Work instruction: Begin at the top of the entries below and write out every line through the one containing "Description Remington model", excluding pictures.

[Collection entries]

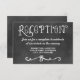 Cartes de réception de mariage charmantes sur tableau noir pour une occasion chic décontractée avec des polices de caractères manuscrites et des motifs de volutes qui ont l'apparence de craie blanche sur un fond qui a l'apparence d'un tableau noir rustique texturé.
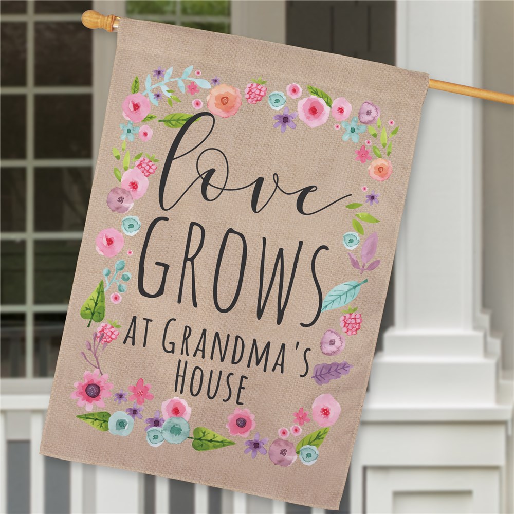Our Personalized Love Grows Here House Flag will look perfect displayed on Grandma's front porch!
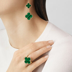 18K Magic Alhambra Three Malachite Motifs Clover Earrings
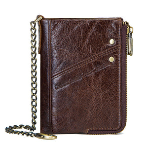 Multifunctional Double Zipper Top Layer Cowhide Coin Purse Men's Bag
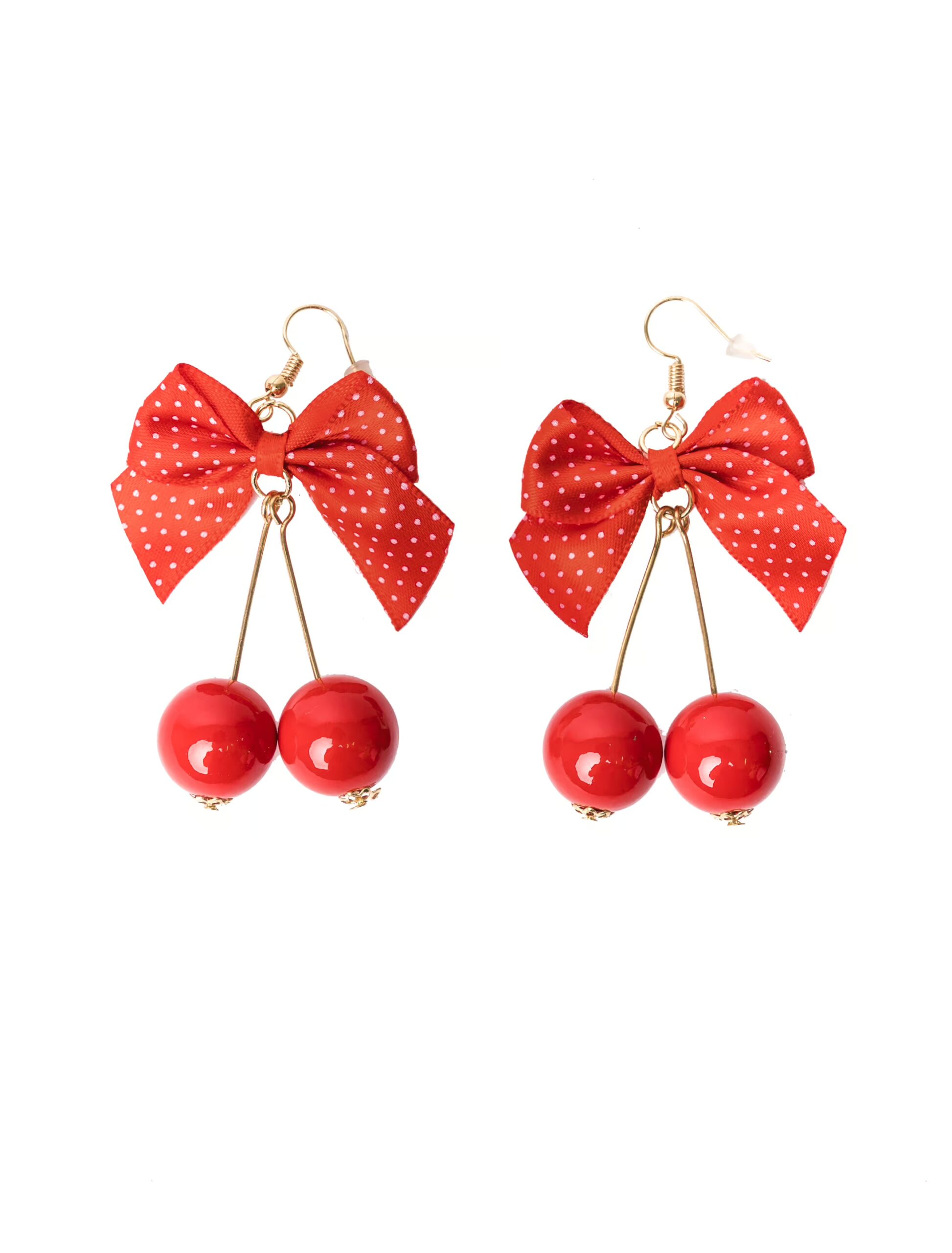 Mit diesem knallroten Ohrringen setzt Du Deine Ohren gekonnt in Szene. Die jeweils zwei Kirschen sind mit goldfarbenen Stielen an einer gepunkteten Schleifchen befestigt und schwingen so schön mit, wenn Du auf der kommenden Motto- oder Karnevalsparty Dein Tanzbein schwingst. Ein tolles Accessoire, das jedem Vintage- und 50er-Jahre-Kostüm seine persönliche Note verleiht!
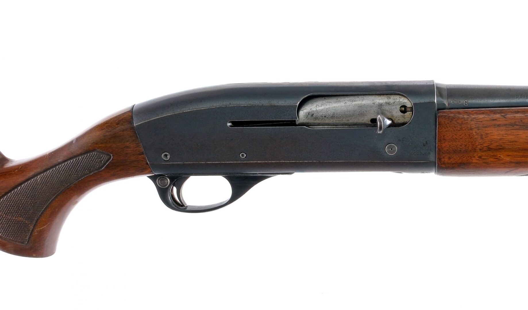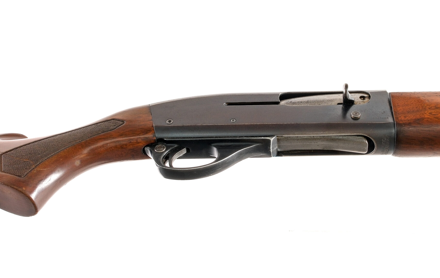Description Remington model 11-48 chambered in 16 gauge for 2 3/4″ shells with a three shell capacity and a 28″ barrel with a fixed modified choke. Manufactured in 1949 with date code “CUU”. Blued barrel, receiver, charging handle, and trigger. Unfinished bolt and loading gate. Cross bolt safety and receiver mounted bolt release button. Checkered wood forend and pistol grip stock with ribbed Remington butt plate. Silver bead front sight. Must ship to FFL or C&R holder. Condition: Good showing speckling of metal oxidation on most metal parts as well as finish patina. General scratches and sharp edge wear. The top of the receiver is painted red. The wood has varying scratches, scuffs, dings, and finish loss on the wood. Very clean smooth bore. Barrel Length: 28″ Serial: 5503968 Manufacturer: REMINGTON ARMS COMPANY Gauge: 16 Ga. Year: 1949 Model: 11-48 Book# 02454
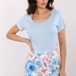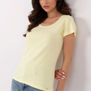 Damski t-shirt w casualowym stylu, idealny na co dzień. Wykonany z miękkiej mieszanki bawełny i elastanu, zapewnia wygodę oraz elastyczność, dopasowując się do sylwetki. Gładki materiał podkreśla prostotę i uniwersalność modelu. Krótkie rękawy i okrągły dekolt tworzą klasyczny fason, który pasuje do wielu stylizacji. Ozdobny haft na rękawach dodaje bluzce subtelnego, ale oryginalnego akcentu, nadając jej wyjątkowego charakteru. Idealny wybór do codziennych, casualowych outfitów.
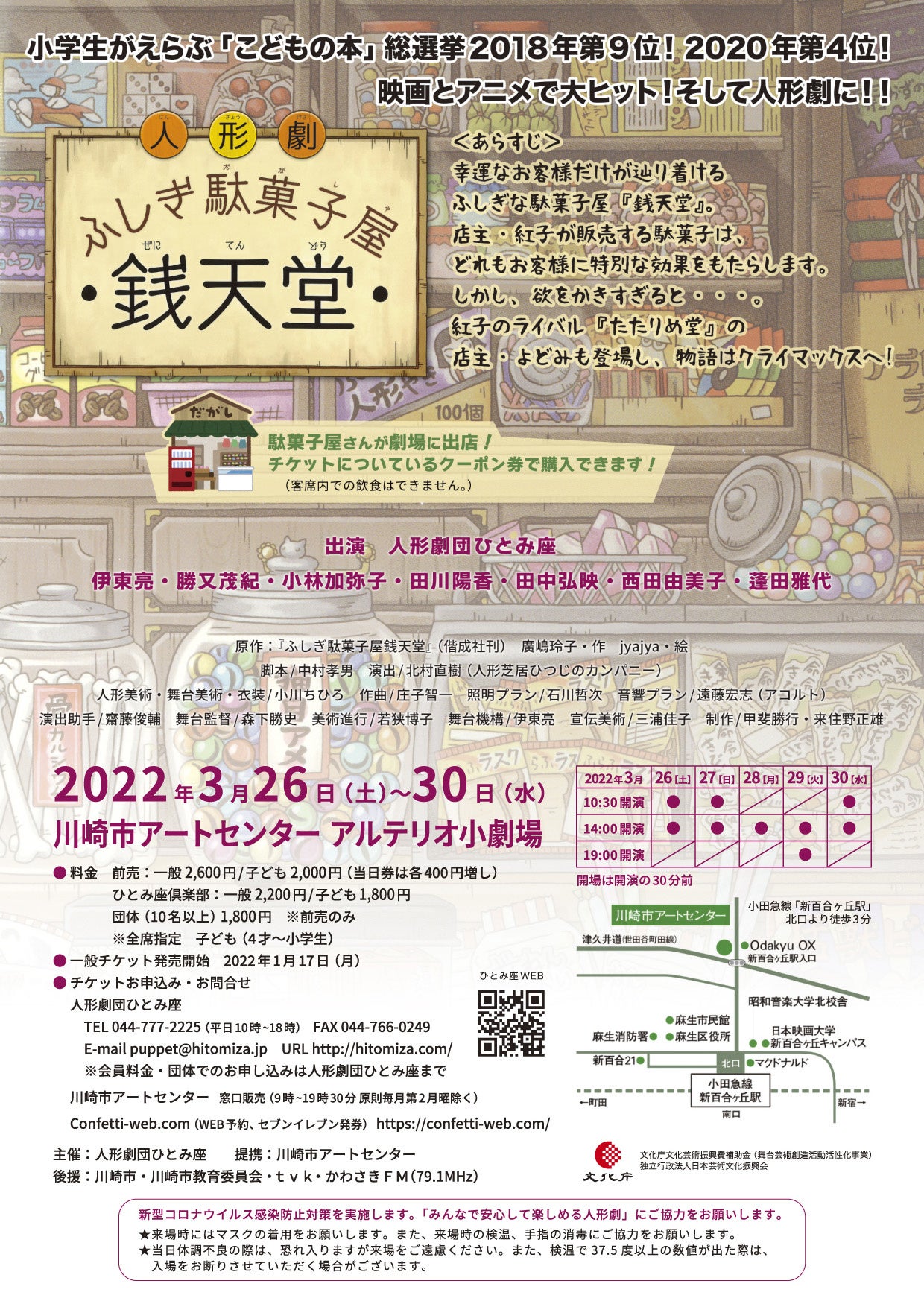 人形劇団ひとみ座 人形劇「ふしぎ駄菓子屋銭天堂」が2022年3月26日(土)~3月30日(水)に川崎市アートセンター・アルテリオ小劇場(神奈川県川崎市)にて上演されます。チケットはカンフェティ(運営:ロングランプランニング株式会社、東京都新宿区、代表取締役:榑松 ⼤剛)にて発売中です。
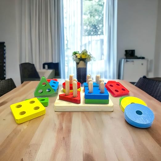 Encourage hands-on learning with this Wooden Shape Sorter Stacking Toy – a vibrant educational puzzle designed to support toddler development through play. With colorful geometric blocks and sturdy pegs, this classic Montessori-inspired toy promotes shape recognition, sorting, and stacking in a fun, safe, and screen-free way.
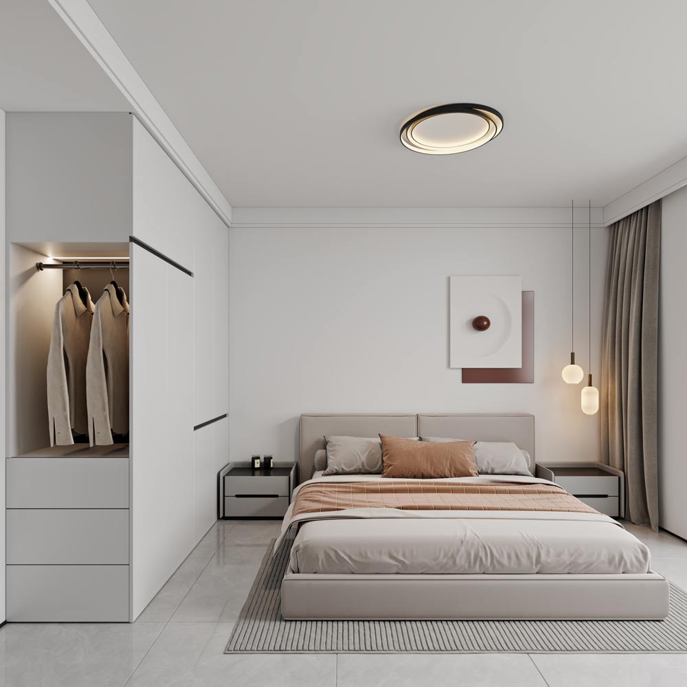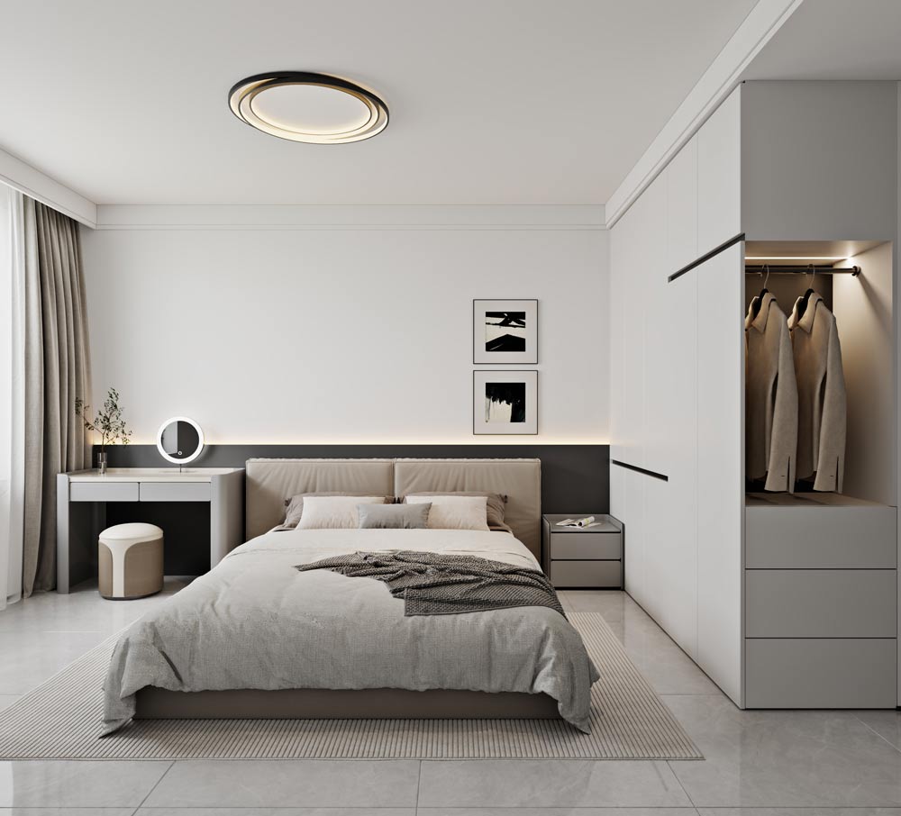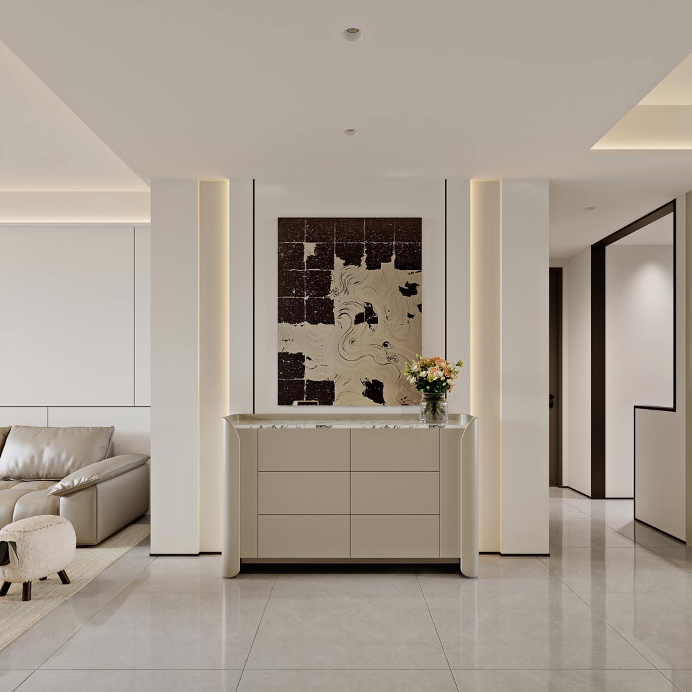 本项目定位为现代简约风格的品质住宅,核心设计理念是 “少即是多,简而不凡”。 通过对空间的极致利用、材质的细腻表达和光线的巧妙运用,打造一个兼具功能性与美学感的现代居住空间。 设计摒弃了繁复的装饰,以简洁的线条、纯粹的色彩和高品质的材质,营造出宁静、舒适且富有高级感的 生活氛围,满足当代都市人对简约、高效、有质感生活方式的追求。

Exercise answer:
 Cartes de réception de mariage charmantes sur tableau noir pour une occasion chic décontractée avec des polices de caractères manuscrites et des motifs de volutes qui ont l'apparence de craie blanche sur un fond qui a l'apparence d'un tableau noir rustique texturé.
Our Personalized Love Grows Here House Flag will look perfect displayed on Grandma's front porch!
 18K Magic Alhambra Three Malachite Motifs Clover Earrings
 Multifunctional Double Zipper Top Layer Cowhide Coin Purse Men's Bag
 Mit diesem knallroten Ohrringen setzt Du Deine Ohren gekonnt in Szene. Die jeweils zwei Kirschen sind mit goldfarbenen Stielen an einer gepunkteten Schleifchen befestigt und schwingen so schön mit, wenn Du auf der kommenden Motto- oder Karnevalsparty Dein Tanzbein schwingst. Ein tolles Accessoire, das jedem Vintage- und 50er-Jahre-Kostüm seine persönliche Note verleiht!
Description Remington model 11-48 chambered in 16 gauge for 2 3/4″ shells with a three shell capacity and a 28″ barrel with a fixed modified choke. Manufactured in 1949 with date code “CUU”. Blued barrel, receiver, charging handle, and trigger. Unfinished bolt and loading gate. Cross bolt safety and receiver mounted bolt release button. Checkered wood forend and pistol grip stock with ribbed Remington butt plate. Silver bead front sight. Must ship to FFL or C&R holder. Condition: Good showing speckling of metal oxidation on most metal parts as well as finish patina. General scratches and sharp edge wear. The top of the receiver is painted red. The wood has varying scratches, scuffs, dings, and finish loss on the wood. Very clean smooth bore. Barrel Length: 28″ Serial: 5503968 Manufacturer: REMINGTON ARMS COMPANY Gauge: 16 Ga. Year: 1949 Model: 11-48 Book# 02454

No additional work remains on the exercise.